The tragic fact here is that postal codes aren't a refinement of the neighbourhoods, as can already be seen from the first rows of the dataset - 80333 corresponds to both Altstadt-Lehel and Maxvorstadt, covering two areas which we would expect to see in different clusters.

So we build a grid over Munich and then cluster the points of the grid:

In [394]:
latitudes = np.linspace(start = 48.09, stop = 48.20, num = 20)
longitudes = np.linspace(start = 11.48, stop = 11.65, num = 20)

grid = pd.DataFrame(index = pd.MultiIndex.from_product([latitudes, longitudes], names = ["Latitude", "Longitude"])).reset_index()
grid["Neighbourhood"] = grid.index
grid.head()

Unnamed: 0,Latitude,Longitude,Neighbourhood
0,48.09,11.48,0
1,48.09,11.488947,1
2,48.09,11.497895,2
3,48.09,11.506842,3
4,48.09,11.515789,4


Neat, right?
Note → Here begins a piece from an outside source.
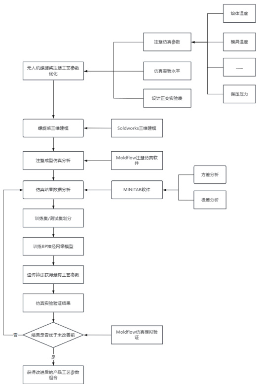 本文研究是讨论先通过实体模型大小对无人机螺旋桨使用 Solidworks 进行三维建模,并将三维模型导入到 Moldflow 中进行仿真分析,记录仿真数据结果;通过仿真得到的数据使用 MINITAB 软件进行方差和极差分析得到注塑参数对于翘曲量的显著性影响排序。最后,通过 BP 神经网络算法进行训练,从而获得工艺参数对于塑件最大翘曲量之间的关系,从而找出最优参数来降低最大翘曲量。具体的技术路线图,如下图2-1。

Now let's do the clustering.

## Methodology

We set up the classification algorithm and let it run, just like in the previous course assignments. We take around every element of the grid a circle of radius 75% the distance between the points, so that we cover all of the map, at the cost of counting some element twice.

We can load the activities for each grid point from Foursquare and obtain a dataframe like this:

In [287]:
munich_venues.head()

Unnamed: 0,Neighborhood,Neighborhood Latitude,Neighborhood Longitude,Venue,Venue Latitude,Venue Longitude,Venue Category
0,0,48.09,11.48,Rossmann,48.087505,11.484407,Drugstore
1,0,48.09,11.48,Schweizer Platz,48.088626,11.479916,Plaza
2,0,48.09,11.48,REWE,48.089149,11.480729,Supermarket
3,0,48.09,11.48,Ratschiller's,48.089207,11.480467,Bakery
4,0,48.09,11.48,Wochenmarkt am Schweizer Platz,48.089108,11.480147,Farmers Market


In [288]:
print('There are {} uniques categories.'.format(len(munich_venues['Venue Category'].unique())))

There are 320 uniques categories.


And now for the clustering - we drop the Neighbourhood ID for the dataset, since we don't want the algorithm to use it:

In [366]:
# set number of clusters
kclusters = 28

munich_grouped_clustering = munich_grouped.drop('Neighborhood', 1)

# run k-means clustering
kmeans = KMeans(n_clusters=kclusters, random_state=0).fit(munich_grouped_clustering)

array([12, 12, 12, 12, 12, 12, 12, 10, 10,  7,  7,  7], dtype=int32)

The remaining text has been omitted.